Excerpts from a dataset
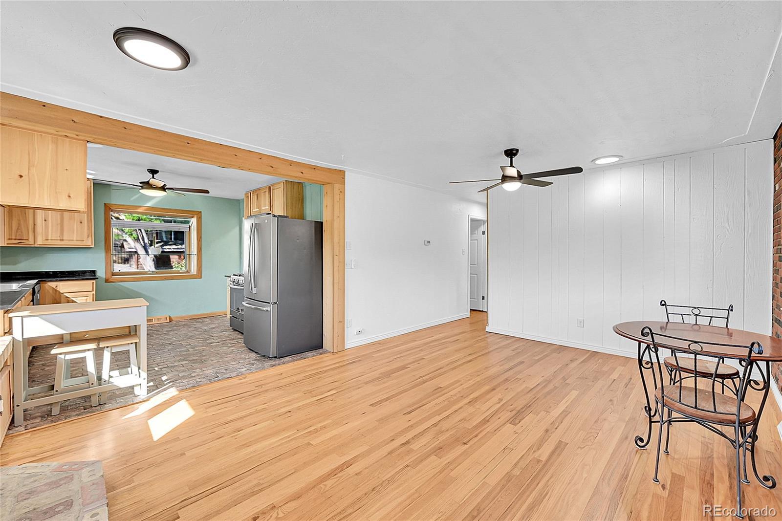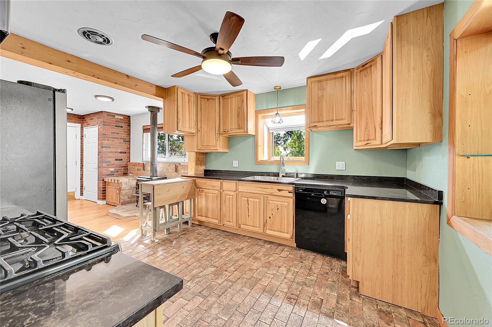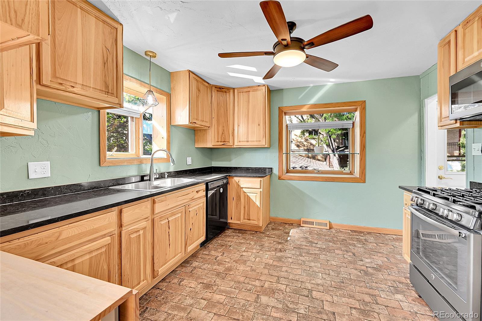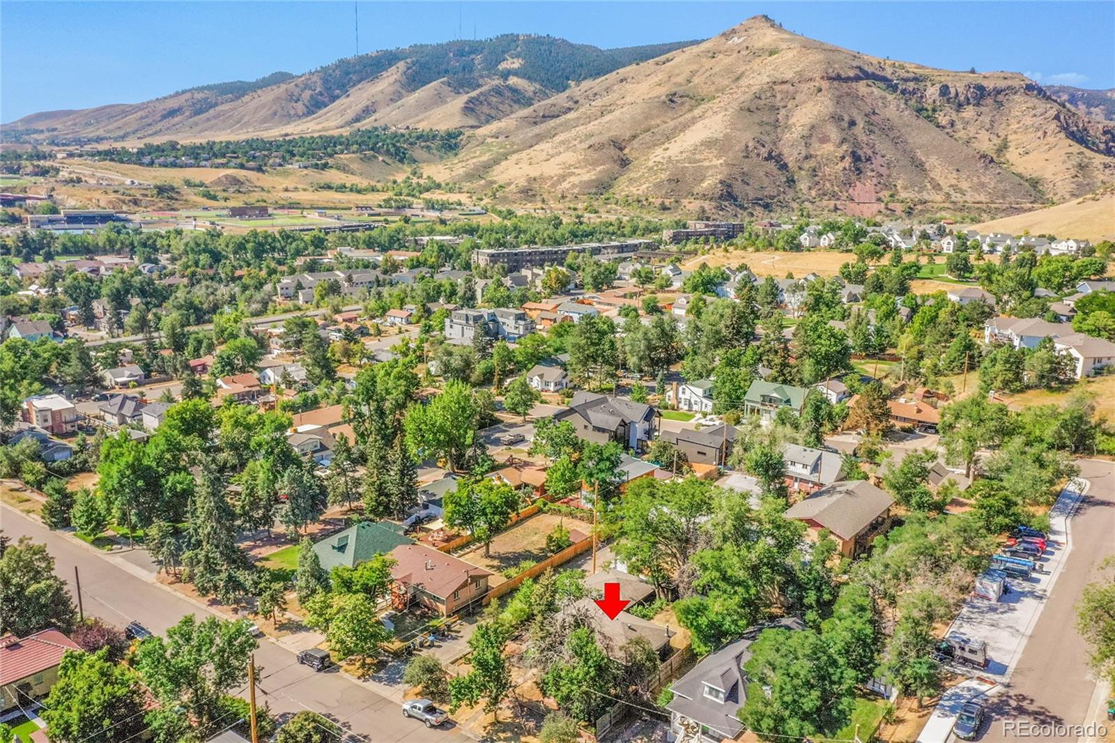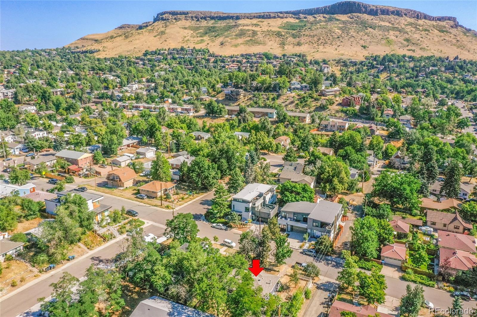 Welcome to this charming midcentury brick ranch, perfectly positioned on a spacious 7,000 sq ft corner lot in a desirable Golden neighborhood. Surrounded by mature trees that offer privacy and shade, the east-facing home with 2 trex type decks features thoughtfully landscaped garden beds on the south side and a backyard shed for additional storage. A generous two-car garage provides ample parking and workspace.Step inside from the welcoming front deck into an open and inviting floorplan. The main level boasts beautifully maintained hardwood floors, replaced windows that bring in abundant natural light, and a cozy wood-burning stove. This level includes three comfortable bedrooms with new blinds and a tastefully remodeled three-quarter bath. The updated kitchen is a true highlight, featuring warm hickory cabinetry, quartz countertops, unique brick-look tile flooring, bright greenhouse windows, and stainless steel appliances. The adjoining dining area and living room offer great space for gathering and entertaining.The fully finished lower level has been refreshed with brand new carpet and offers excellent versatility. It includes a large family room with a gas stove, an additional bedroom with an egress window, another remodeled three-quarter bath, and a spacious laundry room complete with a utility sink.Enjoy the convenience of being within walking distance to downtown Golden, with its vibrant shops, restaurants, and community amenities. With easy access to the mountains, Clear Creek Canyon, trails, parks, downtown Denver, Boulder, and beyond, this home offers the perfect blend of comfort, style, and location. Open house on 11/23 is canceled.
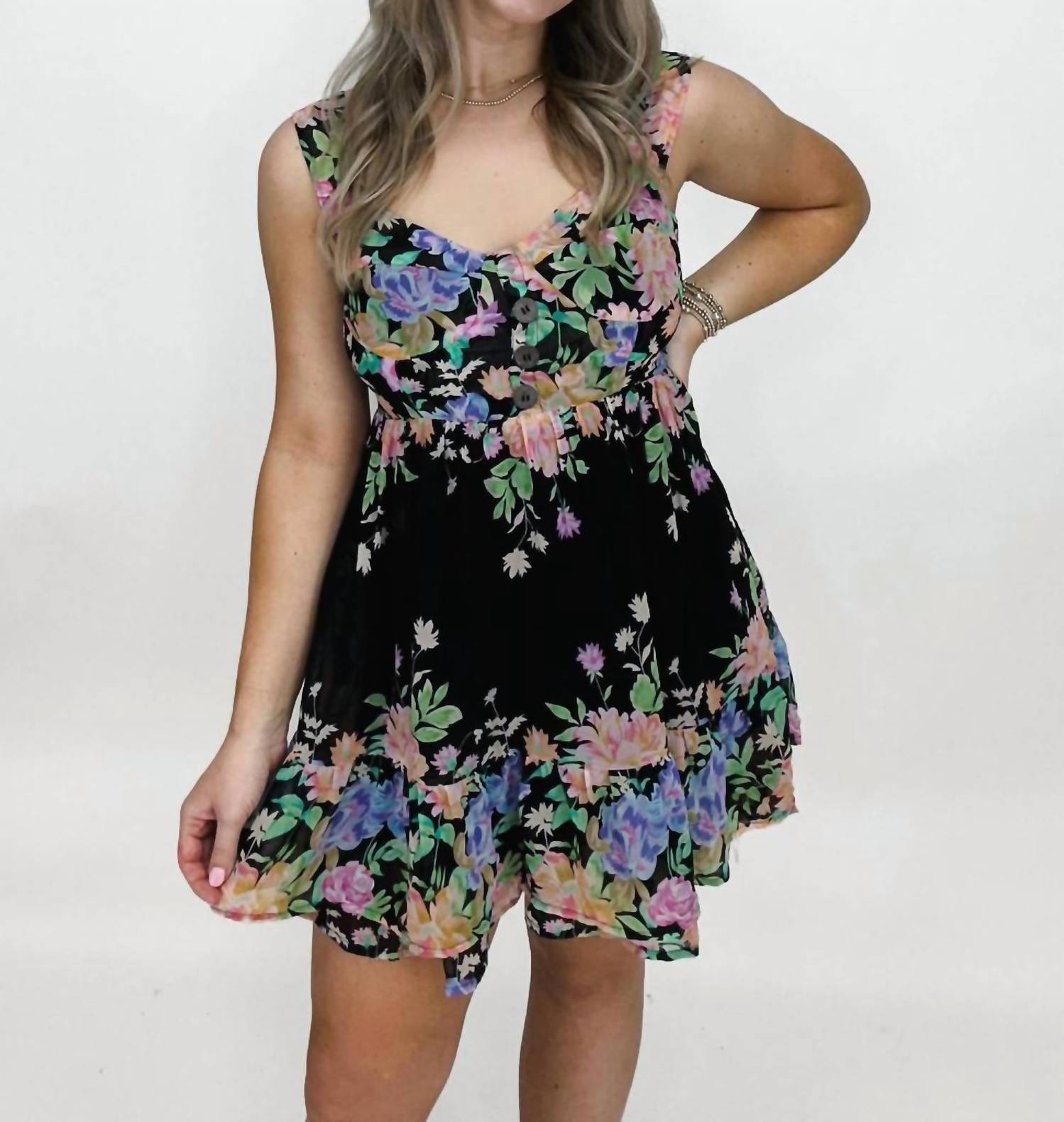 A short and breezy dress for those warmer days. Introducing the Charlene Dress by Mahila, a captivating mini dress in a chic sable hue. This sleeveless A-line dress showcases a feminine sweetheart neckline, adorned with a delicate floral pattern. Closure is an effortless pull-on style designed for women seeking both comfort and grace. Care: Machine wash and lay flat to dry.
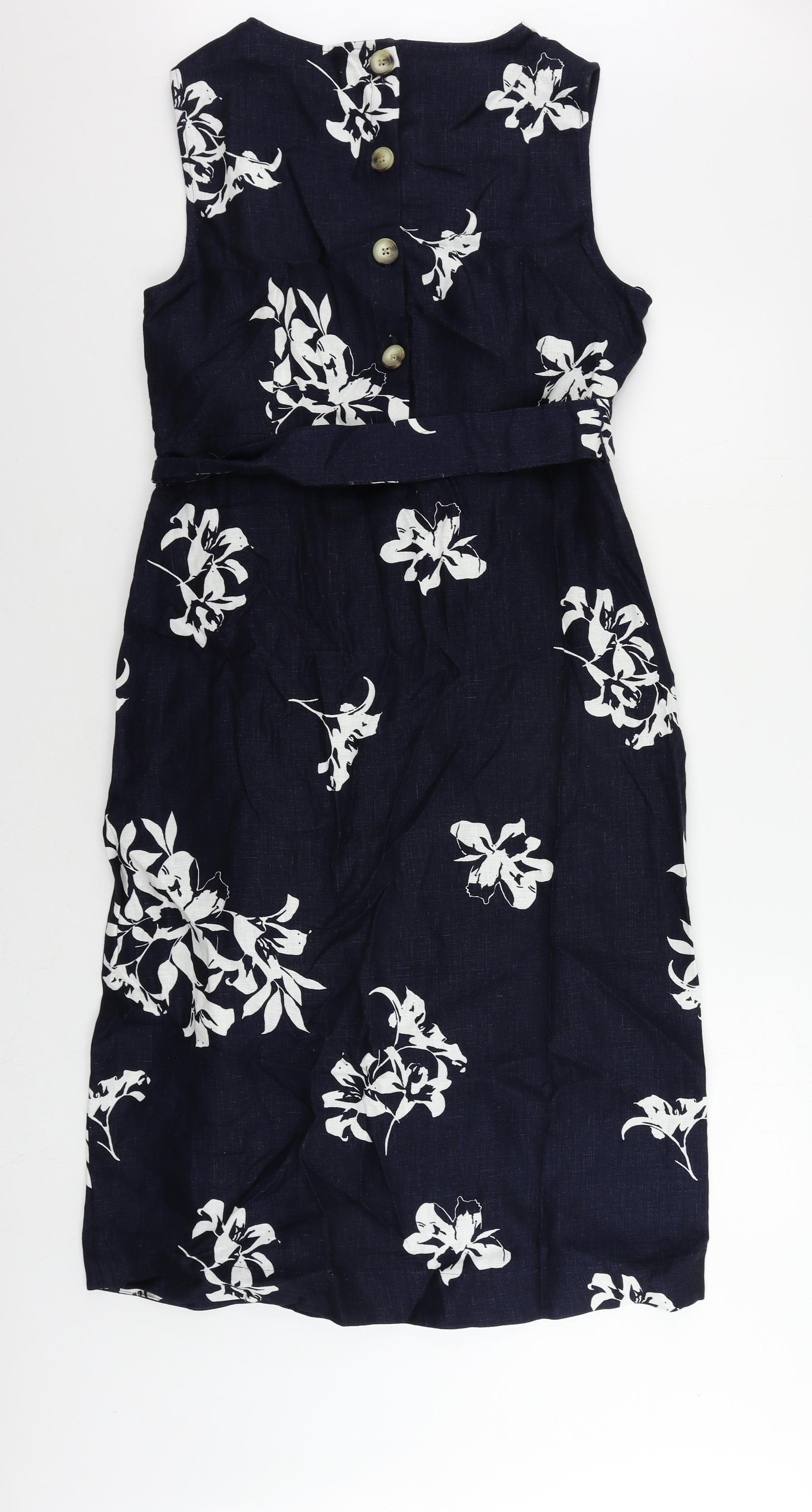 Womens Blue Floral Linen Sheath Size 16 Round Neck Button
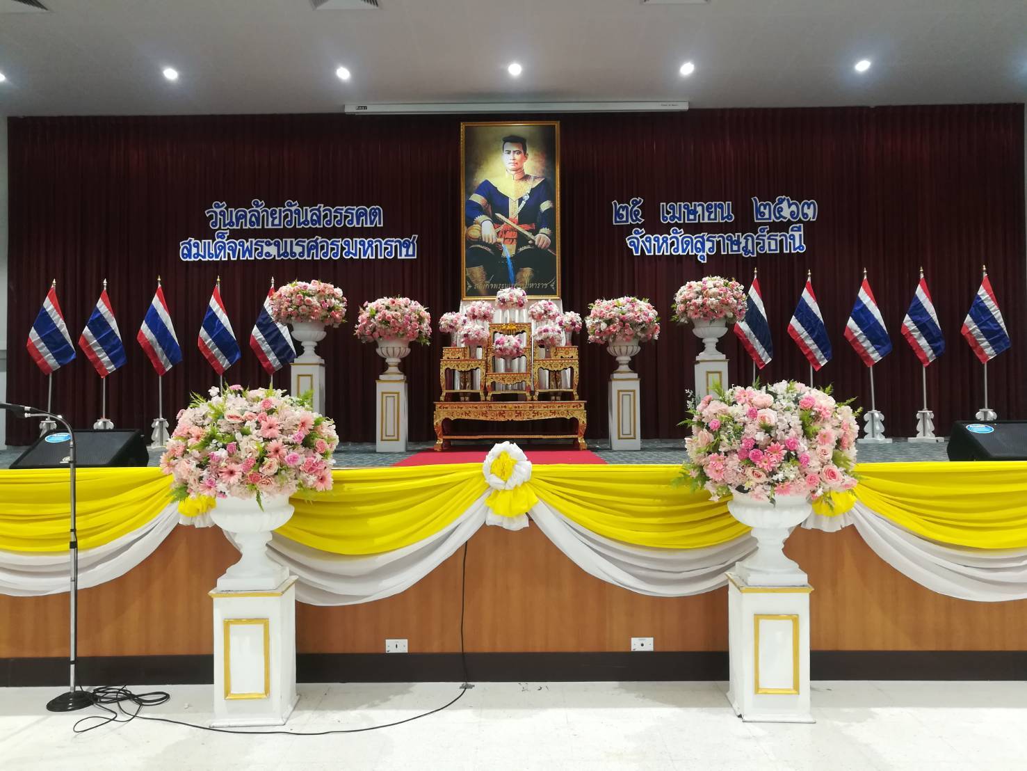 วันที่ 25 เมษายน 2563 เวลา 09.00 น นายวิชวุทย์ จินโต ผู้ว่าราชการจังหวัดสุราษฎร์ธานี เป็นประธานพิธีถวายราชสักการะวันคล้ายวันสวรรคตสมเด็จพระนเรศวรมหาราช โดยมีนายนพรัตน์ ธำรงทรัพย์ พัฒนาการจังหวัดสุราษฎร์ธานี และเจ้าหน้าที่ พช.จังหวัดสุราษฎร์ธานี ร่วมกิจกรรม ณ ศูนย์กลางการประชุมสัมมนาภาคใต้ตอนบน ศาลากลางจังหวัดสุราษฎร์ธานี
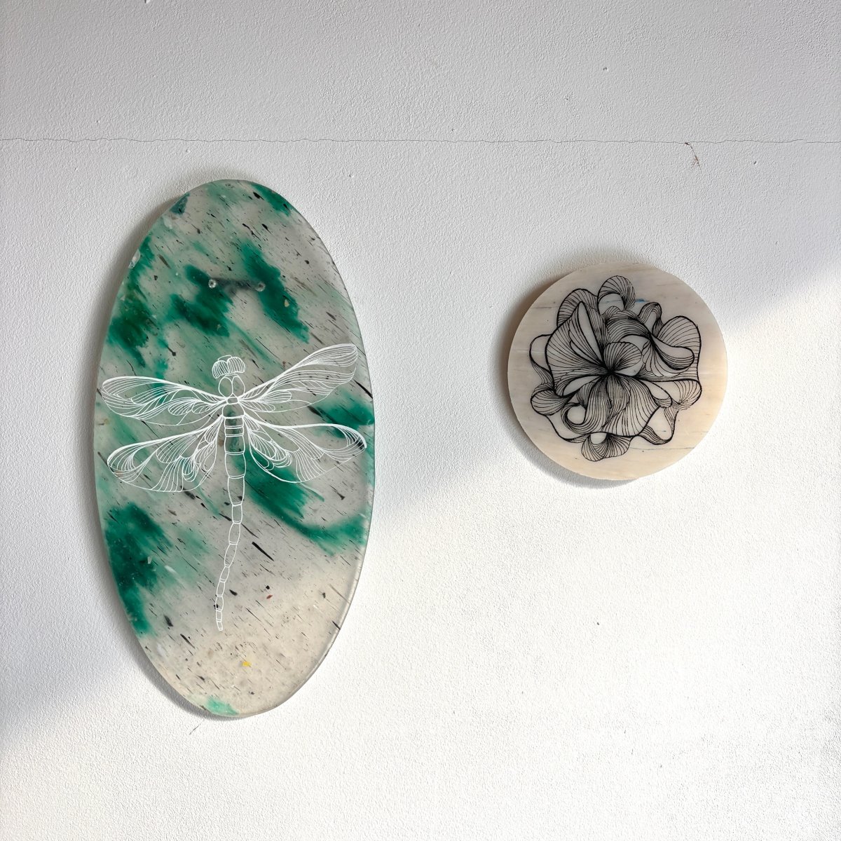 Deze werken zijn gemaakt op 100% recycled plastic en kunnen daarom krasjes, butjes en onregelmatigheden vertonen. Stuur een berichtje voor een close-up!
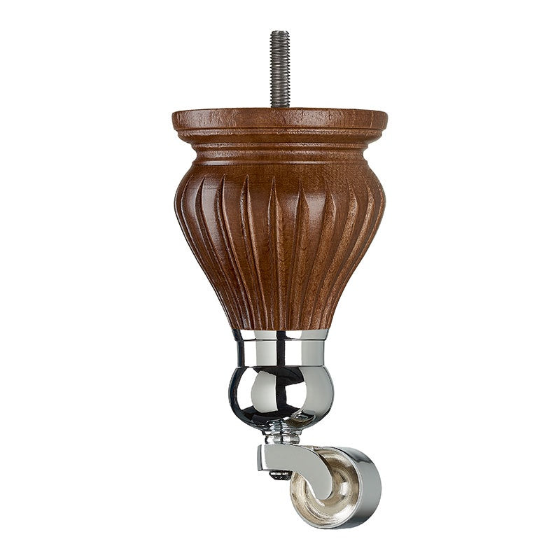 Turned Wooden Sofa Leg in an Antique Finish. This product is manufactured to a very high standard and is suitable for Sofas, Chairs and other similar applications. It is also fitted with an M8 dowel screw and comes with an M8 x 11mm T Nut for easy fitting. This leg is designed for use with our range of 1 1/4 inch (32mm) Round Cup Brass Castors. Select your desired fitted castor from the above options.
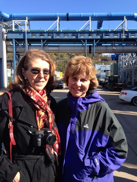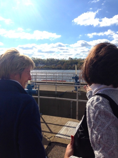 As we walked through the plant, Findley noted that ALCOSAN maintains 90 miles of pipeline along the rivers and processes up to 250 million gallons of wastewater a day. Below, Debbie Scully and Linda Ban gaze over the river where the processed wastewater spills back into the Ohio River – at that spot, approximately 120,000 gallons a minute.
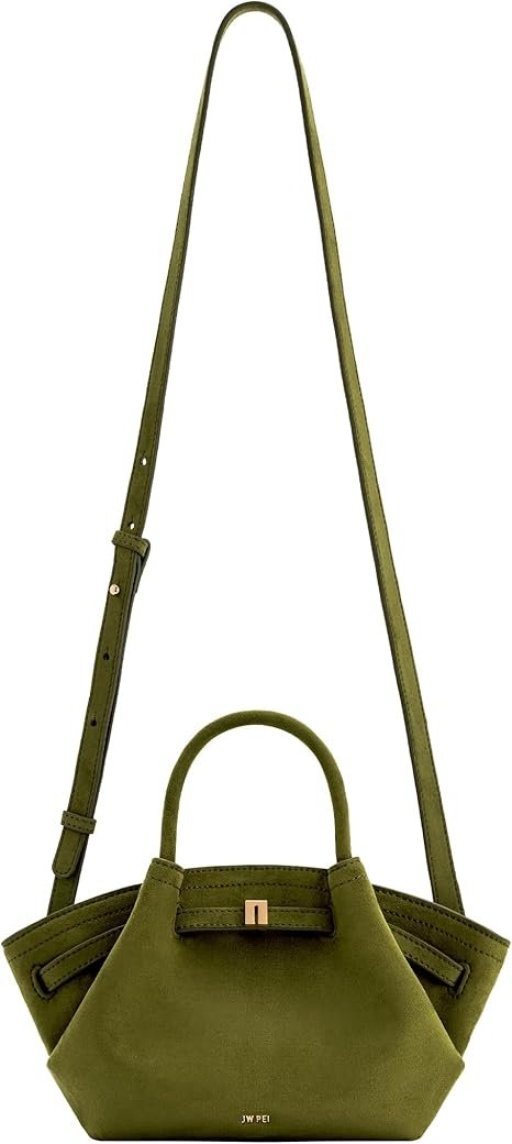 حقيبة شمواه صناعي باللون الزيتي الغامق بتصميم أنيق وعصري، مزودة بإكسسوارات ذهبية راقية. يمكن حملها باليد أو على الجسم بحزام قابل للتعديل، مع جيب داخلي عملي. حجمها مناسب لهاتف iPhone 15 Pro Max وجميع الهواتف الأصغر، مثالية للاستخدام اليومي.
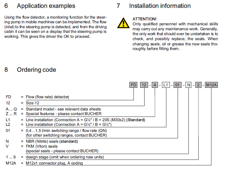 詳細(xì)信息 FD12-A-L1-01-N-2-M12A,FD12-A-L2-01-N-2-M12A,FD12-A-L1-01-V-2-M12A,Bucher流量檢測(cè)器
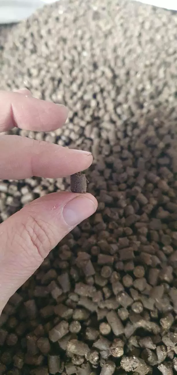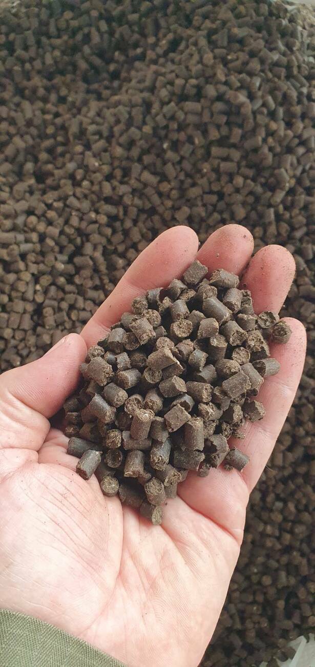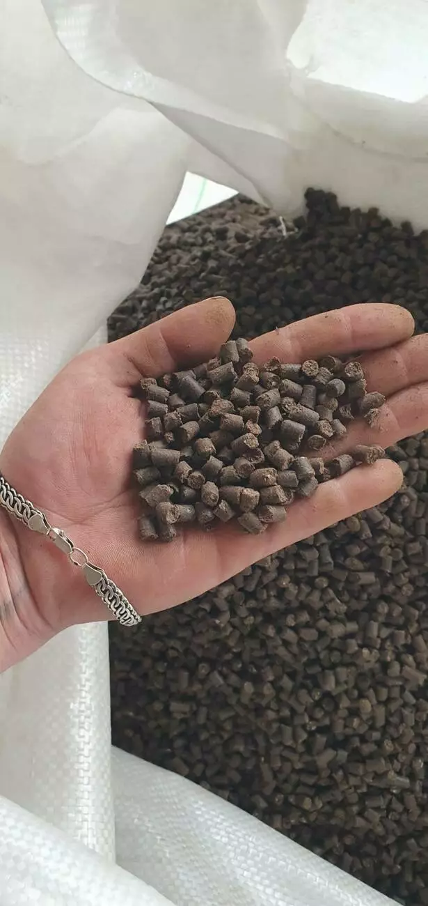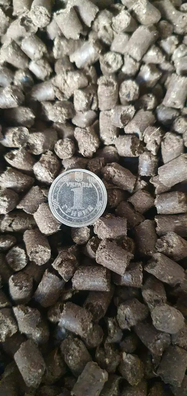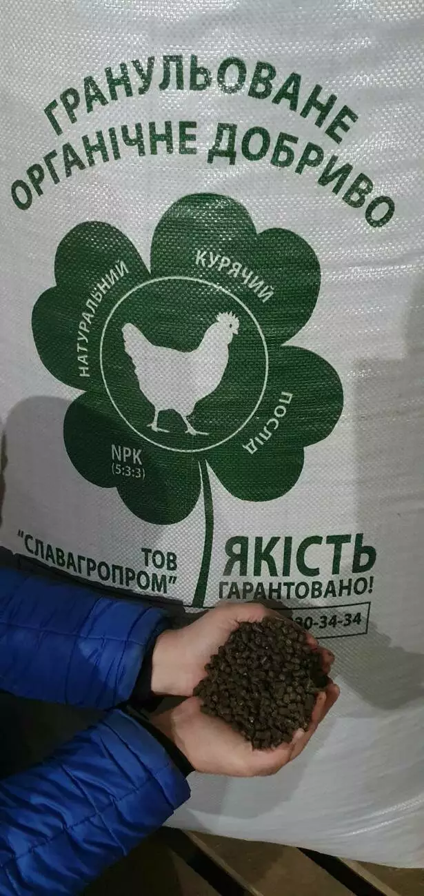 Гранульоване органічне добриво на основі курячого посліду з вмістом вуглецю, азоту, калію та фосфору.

(What you have to do): None of the pictures should be copied, but every record above must be returned exactly.

(Solution for this problem):
 Welcome to this charming midcentury brick ranch, perfectly positioned on a spacious 7,000 sq ft corner lot in a desirable Golden neighborhood. Surrounded by mature trees that offer privacy and shade, the east-facing home with 2 trex type decks features thoughtfully landscaped garden beds on the south side and a backyard shed for additional storage. A generous two-car garage provides ample parking and workspace.Step inside from the welcoming front deck into an open and inviting floorplan. The main level boasts beautifully maintained hardwood floors, replaced windows that bring in abundant natural light, and a cozy wood-burning stove. This level includes three comfortable bedrooms with new blinds and a tastefully remodeled three-quarter bath. The updated kitchen is a true highlight, featuring warm hickory cabinetry, quartz countertops, unique brick-look tile flooring, bright greenhouse windows, and stainless steel appliances. The adjoining dining area and living room offer great space for gathering and entertaining.The fully finished lower level has been refreshed with brand new carpet and offers excellent versatility. It includes a large family room with a gas stove, an additional bedroom with an egress window, another remodeled three-quarter bath, and a spacious laundry room complete with a utility sink.Enjoy the convenience of being within walking distance to downtown Golden, with its vibrant shops, restaurants, and community amenities. With easy access to the mountains, Clear Creek Canyon, trails, parks, downtown Denver, Boulder, and beyond, this home offers the perfect blend of comfort, style, and location. Open house on 11/23 is canceled.
 A short and breezy dress for those warmer days. Introducing the Charlene Dress by Mahila, a captivating mini dress in a chic sable hue. This sleeveless A-line dress showcases a feminine sweetheart neckline, adorned with a delicate floral pattern. Closure is an effortless pull-on style designed for women seeking both comfort and grace. Care: Machine wash and lay flat to dry.
 Womens Blue Floral Linen Sheath Size 16 Round Neck Button
 วันที่ 25 เมษายน 2563 เวลา 09.00 น นายวิชวุทย์ จินโต ผู้ว่าราชการจังหวัดสุราษฎร์ธานี เป็นประธานพิธีถวายราชสักการะวันคล้ายวันสวรรคตสมเด็จพระนเรศวรมหาราช โดยมีนายนพรัตน์ ธำรงทรัพย์ พัฒนาการจังหวัดสุราษฎร์ธานี และเจ้าหน้าที่ พช.จังหวัดสุราษฎร์ธานี ร่วมกิจกรรม ณ ศูนย์กลางการประชุมสัมมนาภาคใต้ตอนบน ศาลากลางจังหวัดสุราษฎร์ธานี
 Deze werken zijn gemaakt op 100% recycled plastic en kunnen daarom krasjes, butjes en onregelmatigheden vertonen. Stuur een berichtje voor een close-up!
 Turned Wooden Sofa Leg in an Antique Finish. This product is manufactured to a very high standard and is suitable for Sofas, Chairs and other similar applications. It is also fitted with an M8 dowel screw and comes with an M8 x 11mm T Nut for easy fitting. This leg is designed for use with our range of 1 1/4 inch (32mm) Round Cup Brass Castors. Select your desired fitted castor from the above options.
 As we walked through the plant, Findley noted that ALCOSAN maintains 90 miles of pipeline along the rivers and processes up to 250 million gallons of wastewater a day. Below, Debbie Scully and Linda Ban gaze over the river where the processed wastewater spills back into the Ohio River – at that spot, approximately 120,000 gallons a minute.
 حقيبة شمواه صناعي باللون الزيتي الغامق بتصميم أنيق وعصري، مزودة بإكسسوارات ذهبية راقية. يمكن حملها باليد أو على الجسم بحزام قابل للتعديل، مع جيب داخلي عملي. حجمها مناسب لهاتف iPhone 15 Pro Max وجميع الهواتف الأصغر، مثالية للاستخدام اليومي.
 詳細(xì)信息 FD12-A-L1-01-N-2-M12A,FD12-A-L2-01-N-2-M12A,FD12-A-L1-01-V-2-M12A,Bucher流量檢測(cè)器
 Гранульоване органічне добриво на основі курячого посліду з вмістом вуглецю, азоту, калію та фосфору.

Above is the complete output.